53. O preço declarado para a compra e venda foi de € 83500,00, que os 1.º s RR. declararam ter já recebido.
54. Da escritura consta que sobre este prédio incide uma hipoteca voluntária a favor do Banif - Banco internacional do Funchal, S.A.,“para garantia do empréstimo do valor de € 75000,00” e uma hipoteca judicial “para garantia da quantia de € 26589,67, acrescida de juros legais”.
55. Nenhuma das escrituras menciona os “montantes máximos garantidos”.
56. Os imóveis transmitidos para a R. Closa Faespa jamais saíram da esfera, controlo e domínio dos 1.ºs RR.: são os prédios onde os 1.º s RR. passavam e continuaram a passar, após a referida venda, férias em Portugal, juntamente com os seus filhos.

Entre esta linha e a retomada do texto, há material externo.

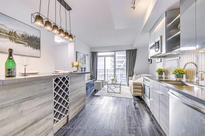 Welcome to urban living at its finest in this stunning 1-bedroom condo, perfectly situated in the vibrant Park Lawn area. Offering a seamless blend of comfort and convenience, this bright and airy unit features serene glimpses of the lake from your private balcony, perfect for morning coffee or evening sunsets. Modern Finishes: An open-concept layout with contemporary flooring, sleek kitchen cabinetry, stainless steel appliances, and a quartz countertop island, Abundant Natural Light, exceptional Amenities, Residents have access to a fitness center, outdoor terrace, party room, pool and more.
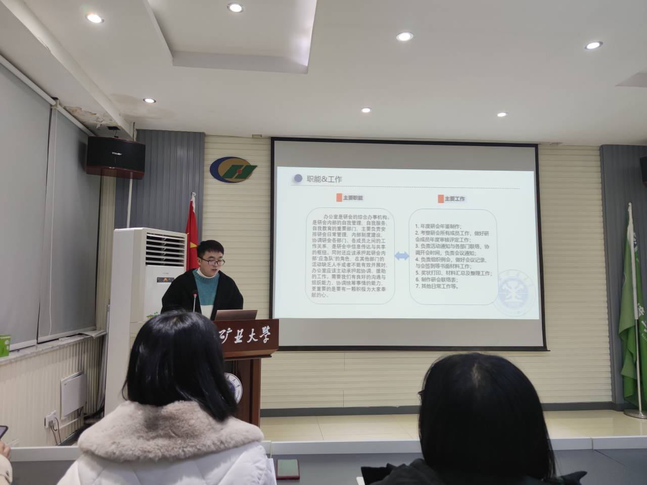 最后,研究生会主席邱欢向各位同学介绍了优秀研究生会的评选条件,并且逐条进行分析,明确的指出下半学期院研会应该努力的方向,距离优秀研会还有哪些不足,应该向哪些方向改进。执行主席朱宁发表讲话,鼓励各部门之间加强协作,改正不足。
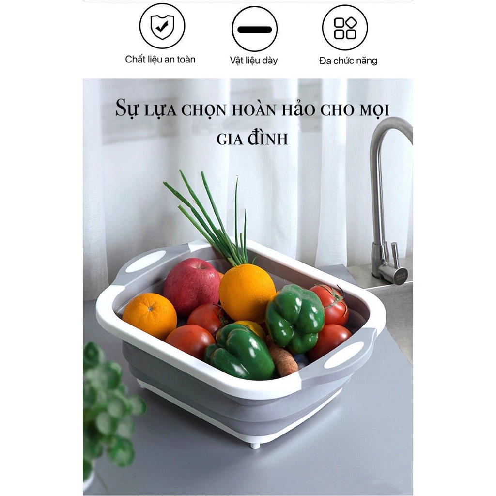 Chậu gấp gọn kiêm thớt đa năng tiện dụng 3 trong 1 kích thước 30 x 40cmThớt là dụng cụ nhà bếp thiết yếu không thể thiếu trong mỗi gia đình. Hiện nay sản phẩm đã được thiết kế mới, đa năng hơn khi không chỉ được dùng để thái, cắt thực phẩm nữa, mà nó còn được sử dụng như một chiếc chậu rửa đồ cũng như rổ đựng thực phẩm.
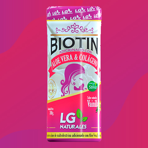 Biotin adicionado con Aloe Vera y Colágeno con sabor a Vainilla.
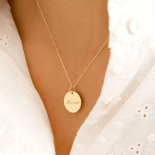 Collar Personalizado de Oro con Grabado en Medalla Grande
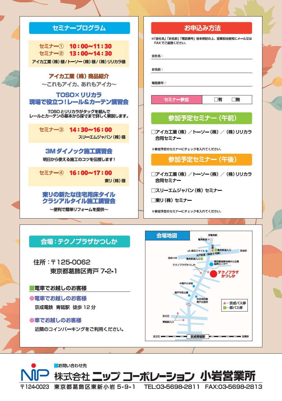 セミナーにご参加希望のお客様は、小岩営業所の営業担当までご連絡ください。
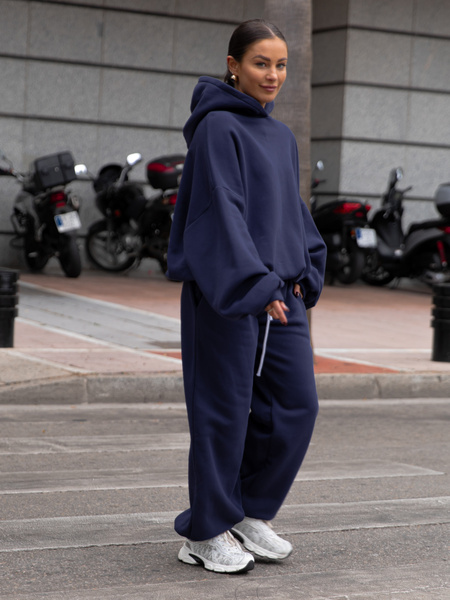 Oversizowa bawełniana BLUZA z dresu drapanego z kapturem navy blue X478 (1 szt.)
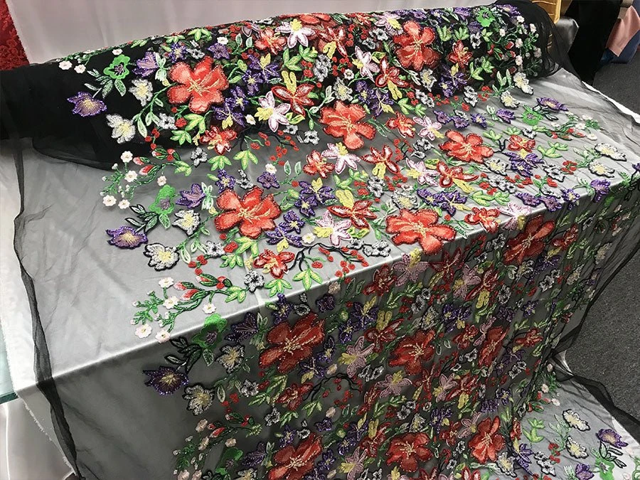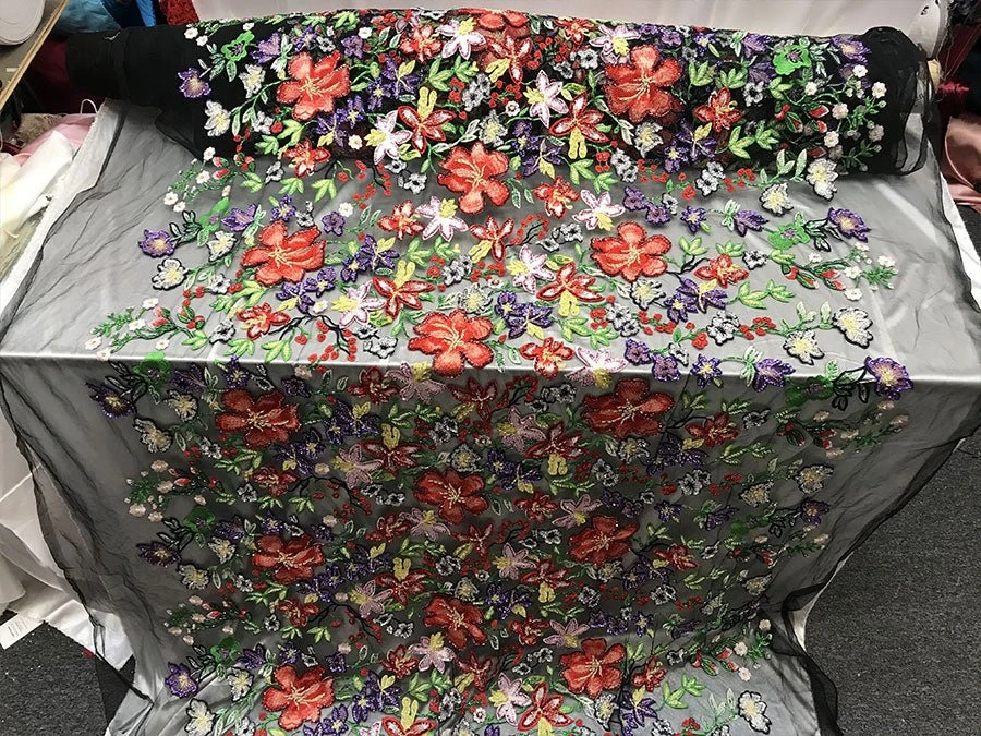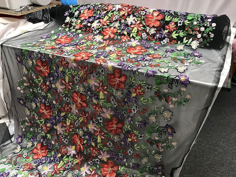 FAQs About “Multi-color Flowers Embroidery Beaded Mesh Lace Fabric“
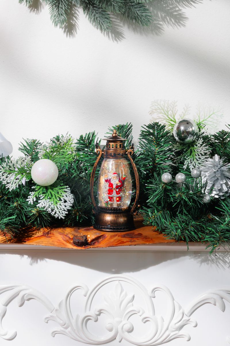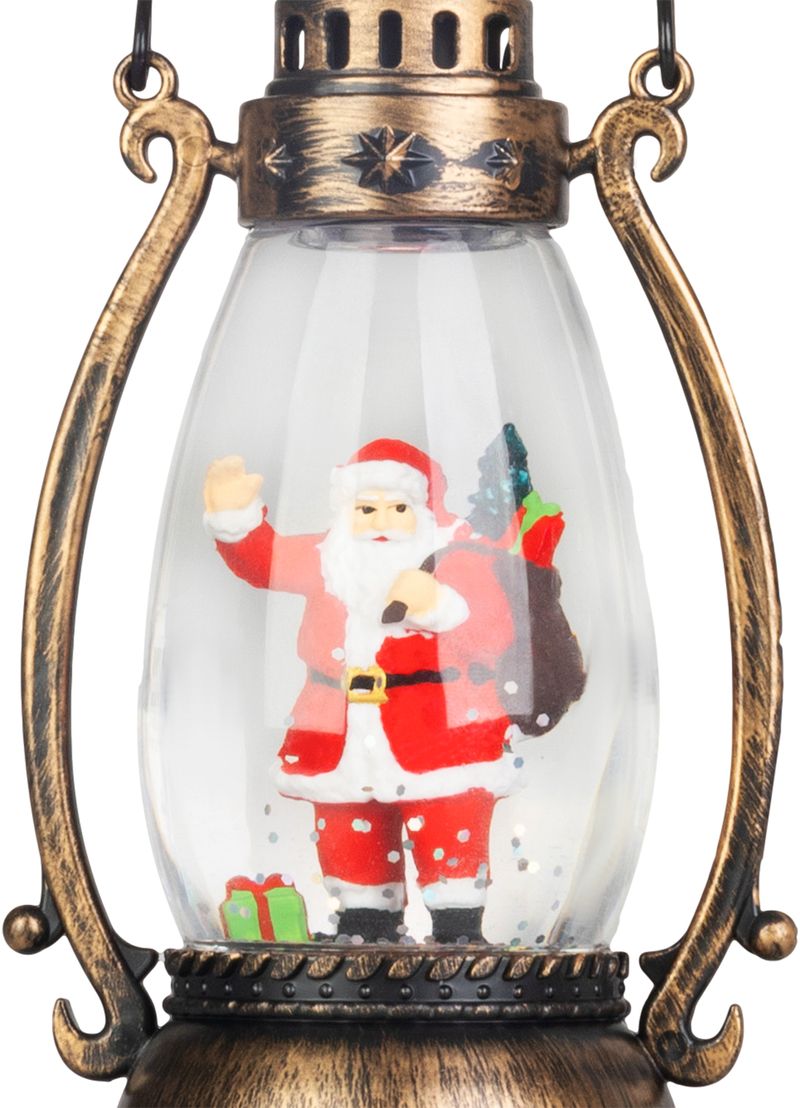 Tento štýlový lampáš so zasneženým motívom a figúrkou Santu vnútri je ideálny doplnok pre vaše sviatočné dekorácie.
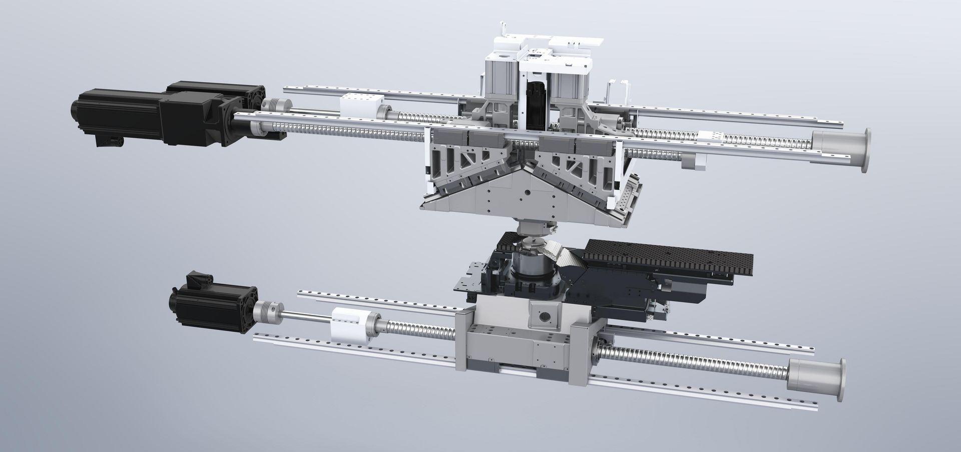 Delta Drive – the new superweapon in TRUMPF’s arsenal for punch and punch-and-laser processing. The patented drive was developed with an eye to achieving several goals, such as facilitating the construction of smaller machines and opening up new methods of material handling. But how? The secret of the Delta Drive is that it eliminates the need to move the sheet and work table in the Y axis – normally an integral requirement of sheet metal processing – making the punching head “fly” in that direction. This is made possible by an ingenious drive system, which is powered by two servomotors. When the servomotors move in the same direction, they allow the punching head to move back and forth in the Y axis. And when the ball screws rotate in opposite directions, this activates the punching stroke. This feature of the drive separates punch and die, allowing them to function independently of one another.
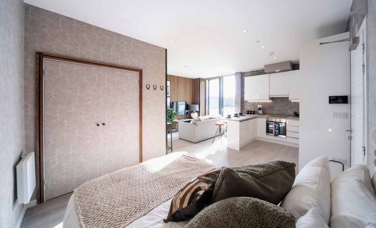 Enjoy modern furnishings, a fully equipped kitchen with washing machine and dishwasher, a spacious bathroom with shower, a cosy bedroom with ample storage and a private balcony.Take advantage of the Free Parking, super fast WiFi Throughout+Smart TV, access to a shared gym & workspace
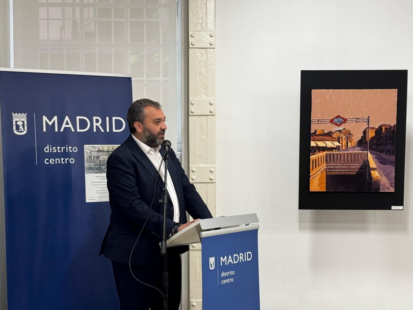 Hasta el próximo 2 de junio, calles, plazas, edificios y parques serán los protagonistas de la exposición de Raúl Ranera Próxima estación…#DistritoCentro, en el Centro Cultural Clara del Rey. El concejal del distrito, Carlos Segura, ha inaugurado hoy esta muestra, destacando “la realidad de unas obras que nos ofrecen un acercamiento a rincones que visitamos diariamente, pero a los que no prestamos atención”. Segura ha animado a la ciudadanía “a recorrer los seis barrios del distrito de una manera diferente, a través de la pintura, siendo el propio espectador el protagonista de los cuadros”.

57. Obedecendo a R. Closa Faespa em exclusivo aos ditames dos 1.º s RR. e em especial do R.
58. Os 1.º s RR. nunca quiseram transferir para a R. Closa Faespa o direito de propriedade dos prédios, nem esta quis adquirir àqueles esse direito.
59. A R. Closa Faespa nunca os gozou, utilizou ou fruiu.
60. A R. Closa Faespanão tem a posse, nem a propriedade efetiva dos prédios, e nunca os considerou, nem considera, como seus, nem alguma vez foi considerada por quem quer que seja como a dona dos mesmos.
61. Os prédios continuam a ser dos 1.º s RR., que são quem os possui, utiliza, à frente de toda a gente, de forma contínua e ininterrupta, atuando como seus proprietários.
62. Apesar das declarações nas escrituras de compra e venda, nenhum dos intervenientes quis vender o que quer que fosse, nem quis comprar o que quer que fosse.
63. O preço declarado nas escrituras não foi pago pela R. Closa Faespa nem recebido pelos 1.ºsRR.
64. O preço declarado para a venda do prédio descrito sob o n.º 700 é inferior ao preço que a 1.ª R. indicou, para a sua venda na ação executiva, como correspondendo ao valor de mercado de € 250000,00.
65. Os AA. tomaram conhecimento da venda dos bens imóveis em 18.09.2013.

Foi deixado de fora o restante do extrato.